- Work task
Every line of the material is to be transcribed verbatim, with images omitted.

- Data excerpt
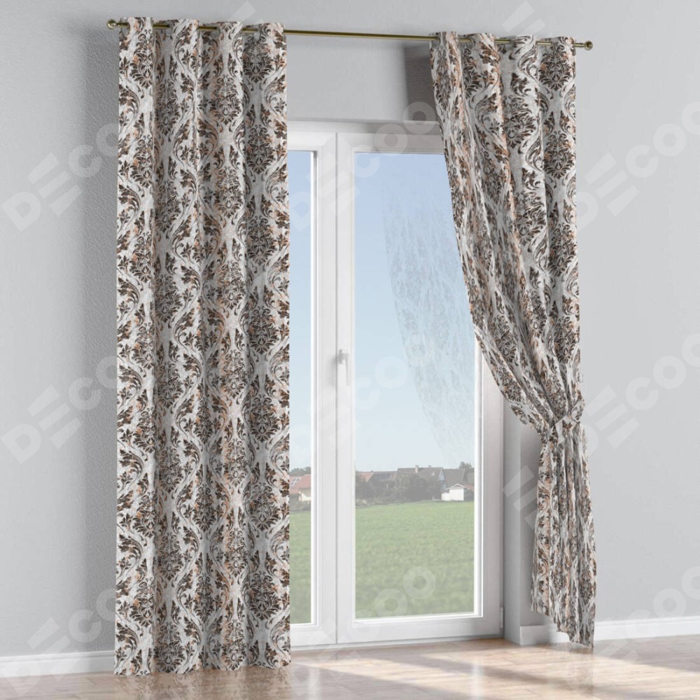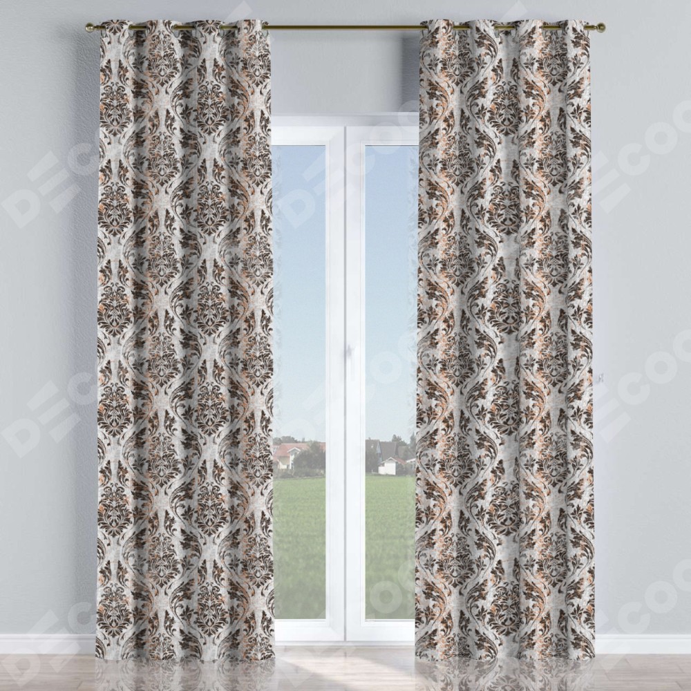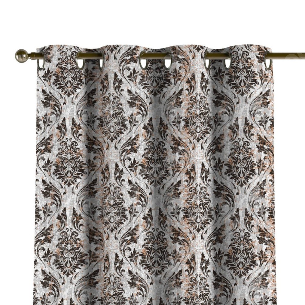 Комплект прямых штор, от производителя «Cortin», пошиты из ткани блэкаут с нанесением сублимационной печати «Дамаск тёмный». Данная модель пошита на люверсах, комплектуется на выбор круглым карнизом и подходит для монтажа на стену или потолок. Прямые шторы на люверсах шьются по стандарту с коэффициентом 1/2 (на 100 см. ширины проёма 200 см. ширины ткани), отличительным преимуществом данной модели является простой способ монтажа. Достаточно повесить ее на трубу и штора готова!
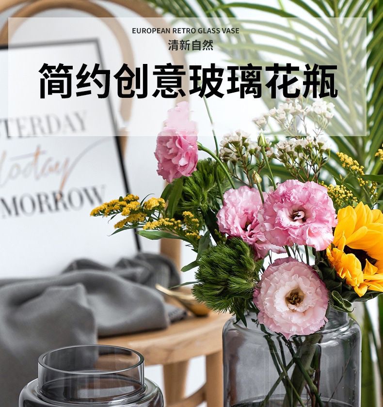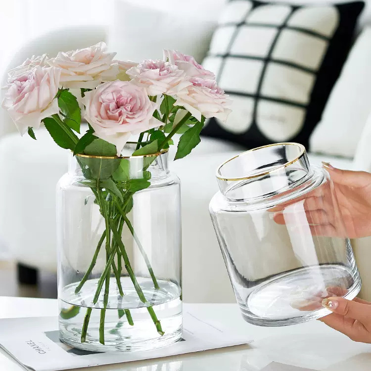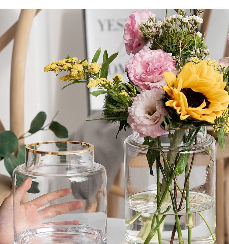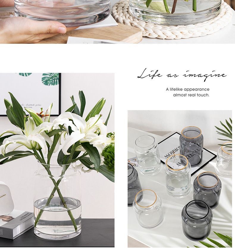 현대 심플 라이트 럭셔리 투명 유리 꽃병 거실 꽃 장식품 수경 수경 사이버 연예인 유리 병 식탁스토어 가기
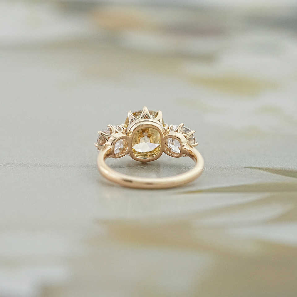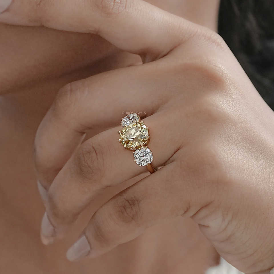 Bold Fancy Design Fancy Yellow Old Mine Cojín Diamante Anillo de tres piedras Anillo de diamante cultivado en laboratorio Piedra principal Anillo de oro sólido de 14K
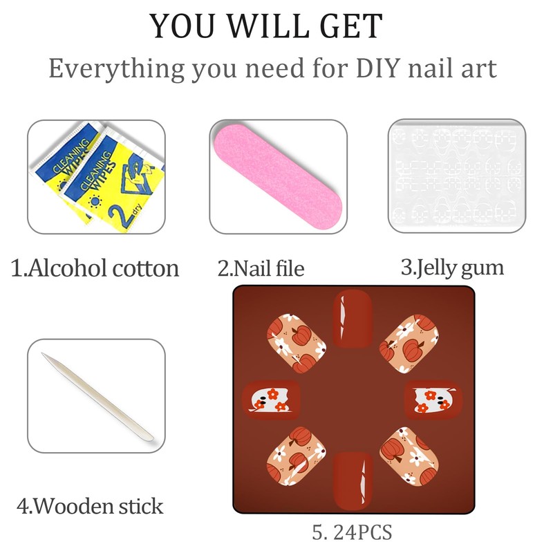 • 【Press Ons Package】- 24 pcs/12 sizes Halloween nails, 1 cleaning cloth,1 nail file, 1 stick wooden stamp, 24pcs jelly glue. (Please use Your own nail glue when wearing for 7-14 days).

- Exercise solution
 Комплект прямых штор, от производителя «Cortin», пошиты из ткани блэкаут с нанесением сублимационной печати «Дамаск тёмный». Данная модель пошита на люверсах, комплектуется на выбор круглым карнизом и подходит для монтажа на стену или потолок. Прямые шторы на люверсах шьются по стандарту с коэффициентом 1/2 (на 100 см. ширины проёма 200 см. ширины ткани), отличительным преимуществом данной модели является простой способ монтажа. Достаточно повесить ее на трубу и штора готова!
 현대 심플 라이트 럭셔리 투명 유리 꽃병 거실 꽃 장식품 수경 수경 사이버 연예인 유리 병 식탁스토어 가기
 Bold Fancy Design Fancy Yellow Old Mine Cojín Diamante Anillo de tres piedras Anillo de diamante cultivado en laboratorio Piedra principal Anillo de oro sólido de 14K
 • 【Press Ons Package】- 24 pcs/12 sizes Halloween nails, 1 cleaning cloth,1 nail file, 1 stick wooden stamp, 24pcs jelly glue. (Please use Your own nail glue when wearing for 7-14 days).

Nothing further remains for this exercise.